### Assigned task:
Ignoring every picture, return the lines of the listing below word for word, from the line that holds "Раскинулась площадь вокзала, По" through the line that holds "[파리=AP/뉴시스] 14일(현지 시간)".
+++ Given records
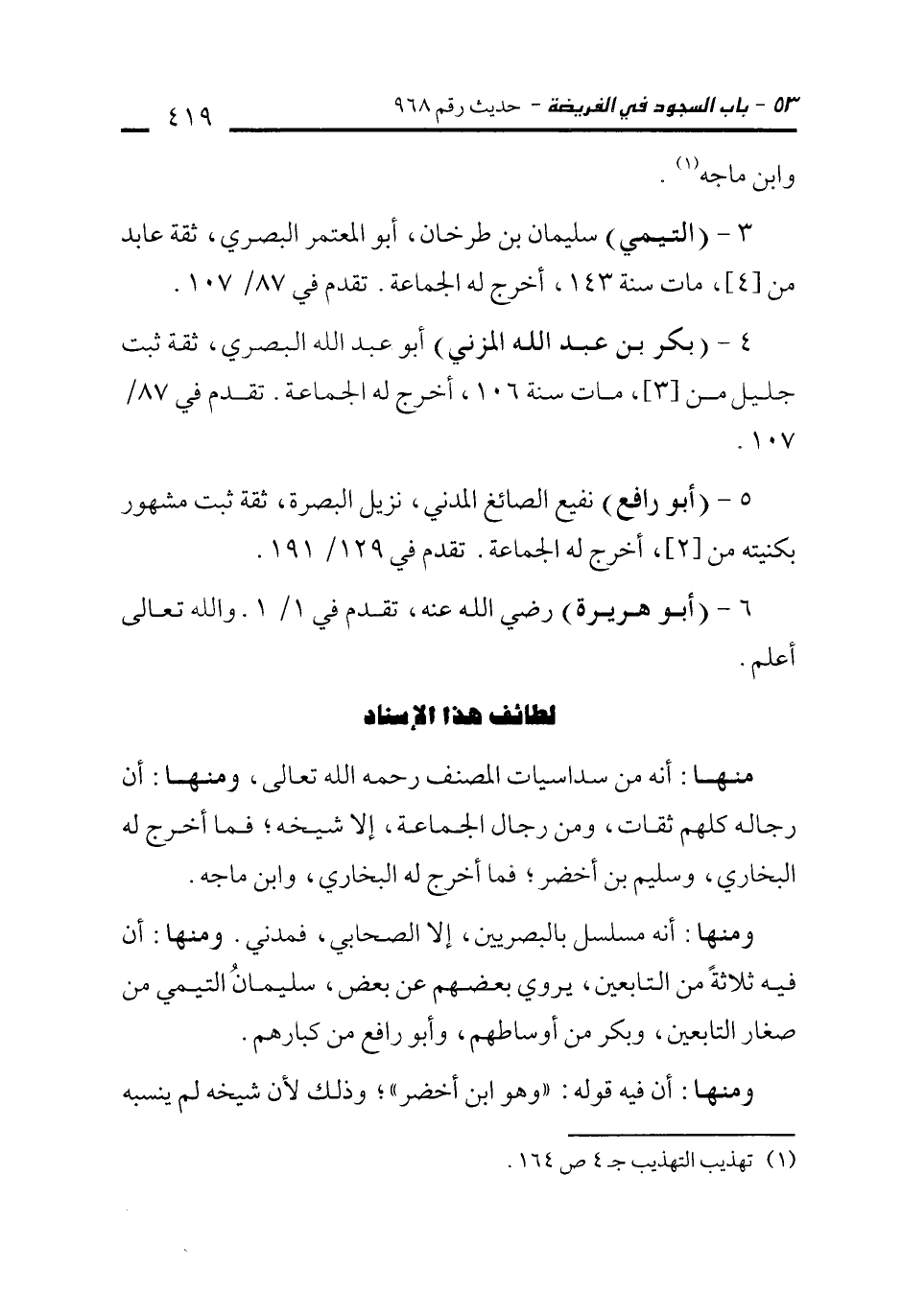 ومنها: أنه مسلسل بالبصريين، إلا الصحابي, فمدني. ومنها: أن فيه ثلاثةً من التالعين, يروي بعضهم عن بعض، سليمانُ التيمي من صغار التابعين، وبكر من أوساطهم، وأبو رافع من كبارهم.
++++++
+++ Given records
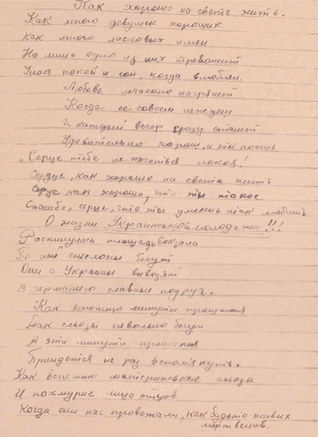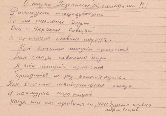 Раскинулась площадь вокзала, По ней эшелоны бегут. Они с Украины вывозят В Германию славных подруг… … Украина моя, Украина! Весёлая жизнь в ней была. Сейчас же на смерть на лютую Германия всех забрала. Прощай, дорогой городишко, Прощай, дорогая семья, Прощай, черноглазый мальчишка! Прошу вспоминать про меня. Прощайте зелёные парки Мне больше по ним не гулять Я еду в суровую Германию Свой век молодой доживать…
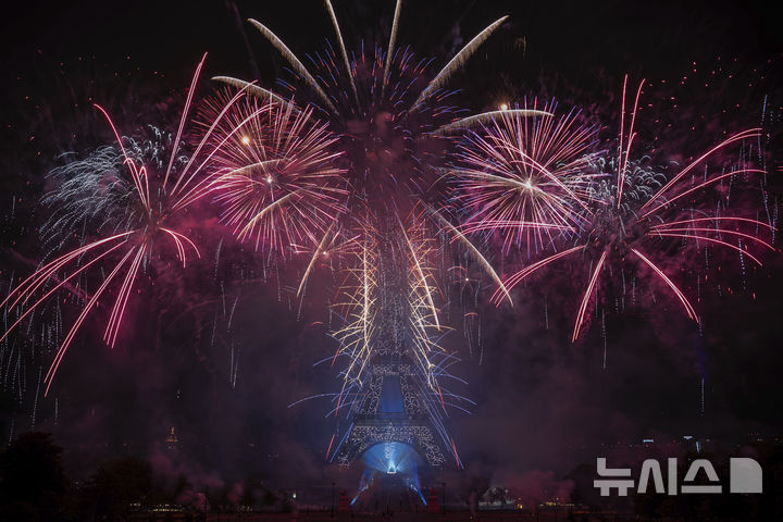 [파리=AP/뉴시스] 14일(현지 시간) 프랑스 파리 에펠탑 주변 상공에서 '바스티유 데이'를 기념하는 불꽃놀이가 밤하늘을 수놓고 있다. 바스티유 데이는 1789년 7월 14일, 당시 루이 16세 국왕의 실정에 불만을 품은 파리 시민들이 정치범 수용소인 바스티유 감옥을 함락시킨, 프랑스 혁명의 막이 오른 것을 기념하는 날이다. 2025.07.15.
++++++
### Result:
 Раскинулась площадь вокзала, По ней эшелоны бегут. Они с Украины вывозят В Германию славных подруг… … Украина моя, Украина! Весёлая жизнь в ней была. Сейчас же на смерть на лютую Германия всех забрала. Прощай, дорогой городишко, Прощай, дорогая семья, Прощай, черноглазый мальчишка! Прошу вспоминать про меня. Прощайте зелёные парки Мне больше по ним не гулять Я еду в суровую Германию Свой век молодой доживать…
 [파리=AP/뉴시스] 14일(현지 시간) 프랑스 파리 에펠탑 주변 상공에서 '바스티유 데이'를 기념하는 불꽃놀이가 밤하늘을 수놓고 있다. 바스티유 데이는 1789년 7월 14일, 당시 루이 16세 국왕의 실정에 불만을 품은 파리 시민들이 정치범 수용소인 바스티유 감옥을 함락시킨, 프랑스 혁명의 막이 오른 것을 기념하는 날이다. 2025.07.15.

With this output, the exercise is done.